La manifestazione del 16 giugno, nel nuovo contesto politico e sociale, può inaugurare una nuova stagione di ripresa del conflitto sociale e allo stesso tempo del pensiero critico, alternativo e di classe. Ad alimentarla ci sarà la manifesta incapacità del populismo (in tutte le sue varianti) di offrire soluzioni alla crisi del sistema capitalista.

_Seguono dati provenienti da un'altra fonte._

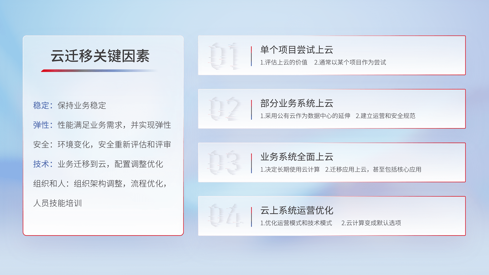 结合实际业务,,,,从规划设计、、、云平台选型、、云原生改造、、、数据迁移、、集成交付,,迁移全过程为客户识别最佳上云路径,,做好风险识别管理,,,,设计网络架构、、身份权限、、安全审计合规、、、操作审计、、、日志审计、、、、监控告警策略、、、多站点容灾设计等,,,,对云上基础设施进行整体规划,,,提升IT治理水平,,,,以满足弹性、、高可用、、、、高性能的需求。。
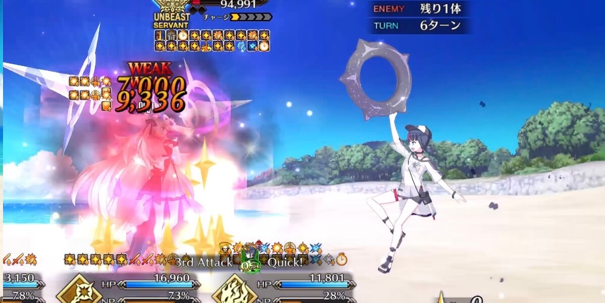 | 退場時 | 【ジュネス、お前も夏を楽しめ】 ・ジュネス生存時のみ発動 ・ジュネスの宝具威力アップ(30%/永続) ・クリ威力アップ(30%/永続) |

Rivendichiamo e facciamo nostra la “piattaforma di lotta contro le diseguaglianze sociali” nella consapevolezza che questa può affermarsi solo in una lotta implacabile contro l’Unione europea e contro qualsiasi governo che in questa Europa dichiara di volerci stare, così come ha fatto Conte nel suo discorso di insediamento alle Camere.

Rifiutiamo il bastone di Salvini e la carota di Di Maio, perché sono parte della stessa politica che non mancherà di rivelarsi disastrosa per i lavoratori, le donne, i giovani, gli sfruttati in genere di questo paese.

Per queste ragioni SCR aderirà alla manifestazione del 16 giugno a Roma e scenderà in piazza a fianco dei compagni dell’Usb e delle altre realtà politiche e sociali che vorranno essere presenti, ma soprattutto scenderemo in piazza a fianco dei nostri fratelli e compagni immigrati, che rappresentano il settore più sfruttato ed oppresso della classe sociale a cui apparteniamo.

Perché la morte di Soumayla e di altri compagni non sia stata invano, lottiamo uniti e mettiamo fine a questo sistema di sfruttamento!